In the copy, include no images, and repeat each entry precisely as written.

—————

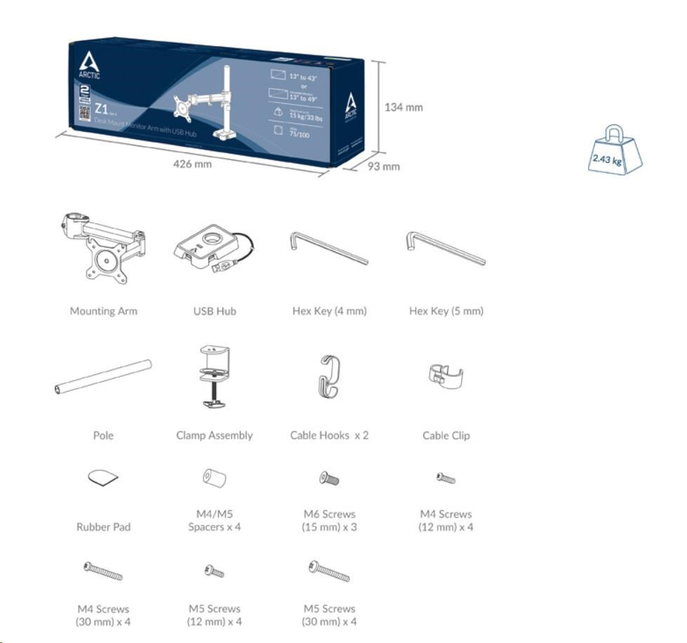 Classic 16:9 monitors are also compatible (up to 43 inches). The Z1 supports a total load of 15 kg/33 lbs.
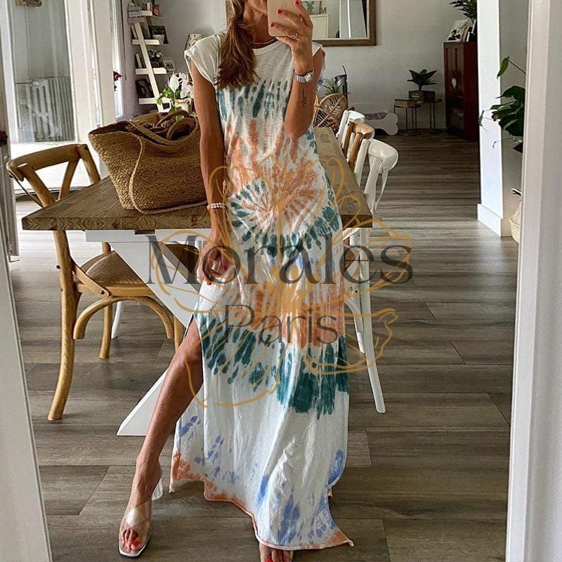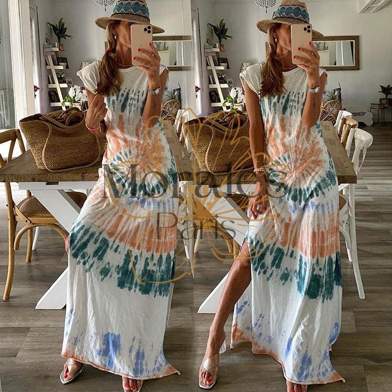 Cette robe se caractérise par un mélange unique entre l’esthétique bohème et hippie. Elle est conçue dans un tissu doux et fluide qui enveloppe votre peau. Sa coupe ample vous donne une liberté de mouvement, et son imprimé élégant ajoute une touche glamour à votre look. Que vous sortiez entre amis ou que vous passiez une journée à la plage, cette robe sera parfaite pour toutes les occasions.
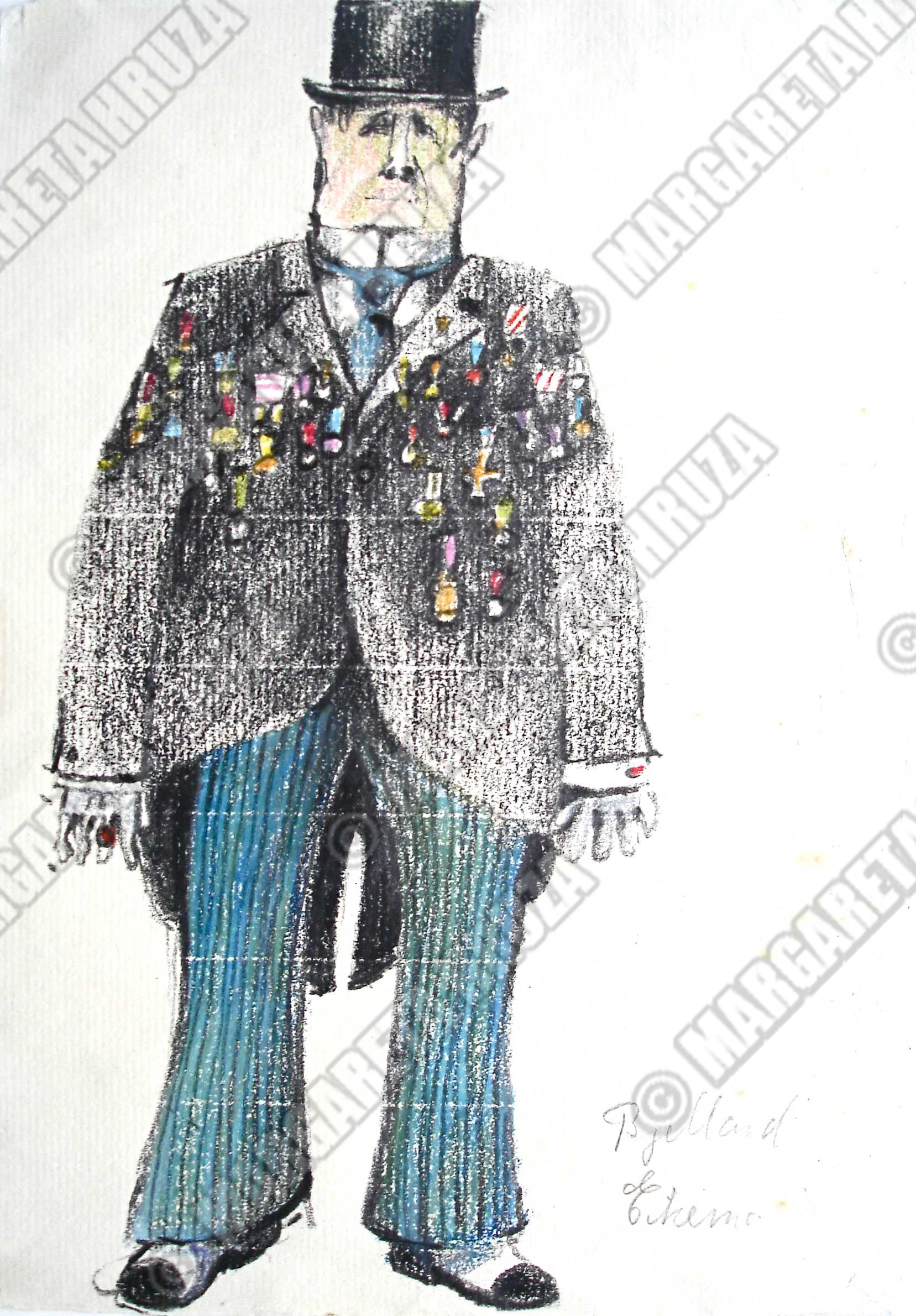 Costume drawing by Lubos Hruza for The National Theatre's production Leonce and Lena (1972)
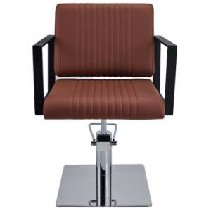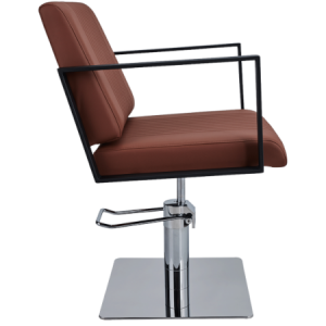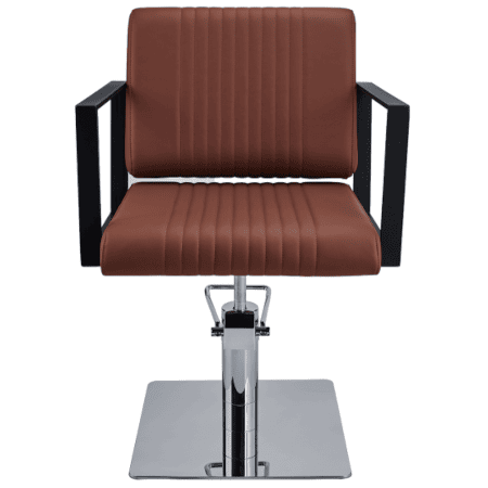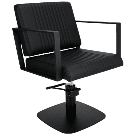 Der „Ted„– ein sehr bequemer und moderner Friseurstuhl mit schwarz lackierten Armlehnen aus Metall,
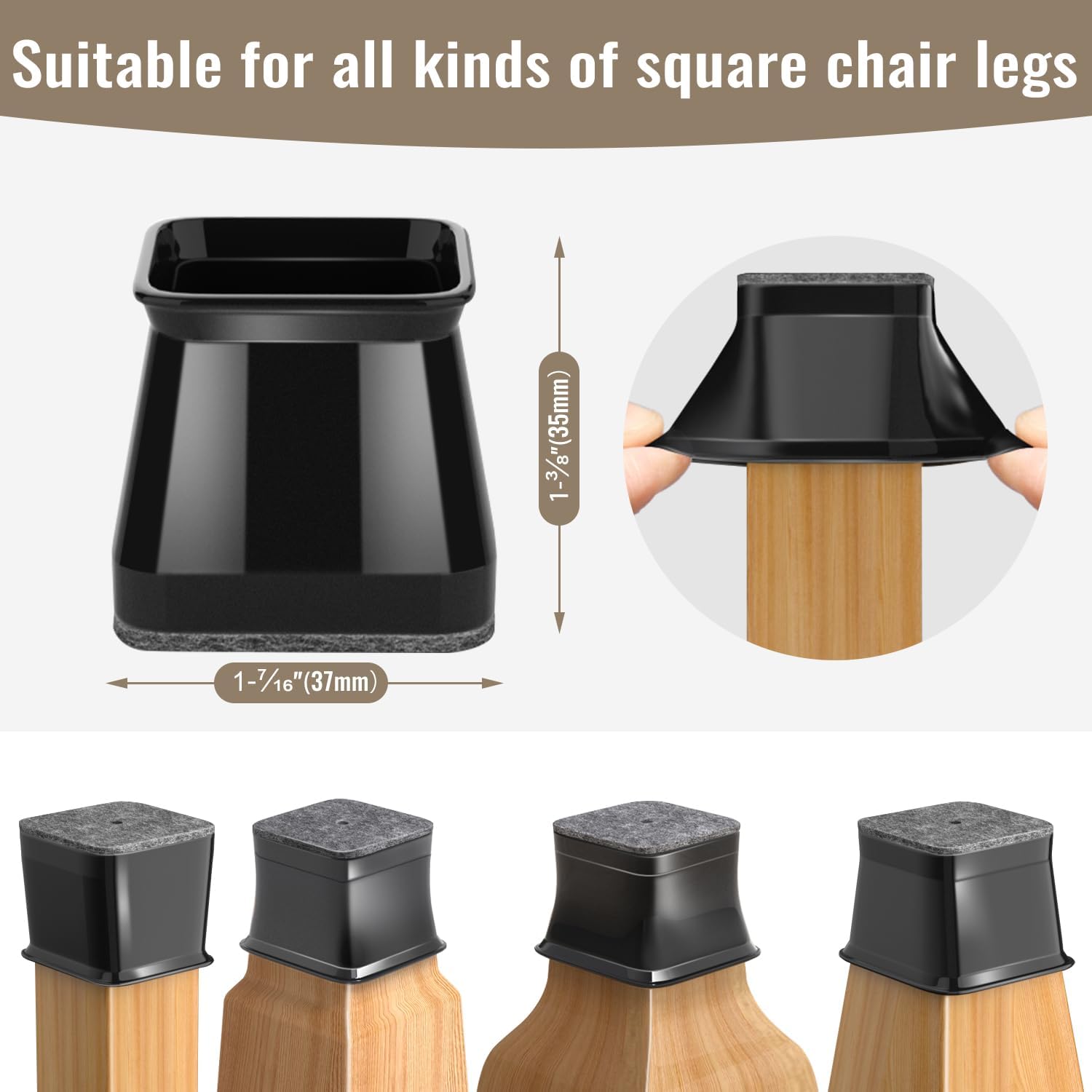 - Size application: They fit snugly on different chair legs. Measure the side length and pick the size that matches: S (3/4" ~ 1"), L (1-1/16" ~ 1-5/8"), or XL (1-5/8" ~ 2").

—————

SOLUTION BELOW -
 Classic 16:9 monitors are also compatible (up to 43 inches). The Z1 supports a total load of 15 kg/33 lbs.
 Cette robe se caractérise par un mélange unique entre l’esthétique bohème et hippie. Elle est conçue dans un tissu doux et fluide qui enveloppe votre peau. Sa coupe ample vous donne une liberté de mouvement, et son imprimé élégant ajoute une touche glamour à votre look. Que vous sortiez entre amis ou que vous passiez une journée à la plage, cette robe sera parfaite pour toutes les occasions.
 Costume drawing by Lubos Hruza for The National Theatre's production Leonce and Lena (1972)
 Der „Ted„– ein sehr bequemer und moderner Friseurstuhl mit schwarz lackierten Armlehnen aus Metall,
 - Size application: They fit snugly on different chair legs. Measure the side length and pick the size that matches: S (3/4" ~ 1"), L (1-1/16" ~ 1-5/8"), or XL (1-5/8" ~ 2").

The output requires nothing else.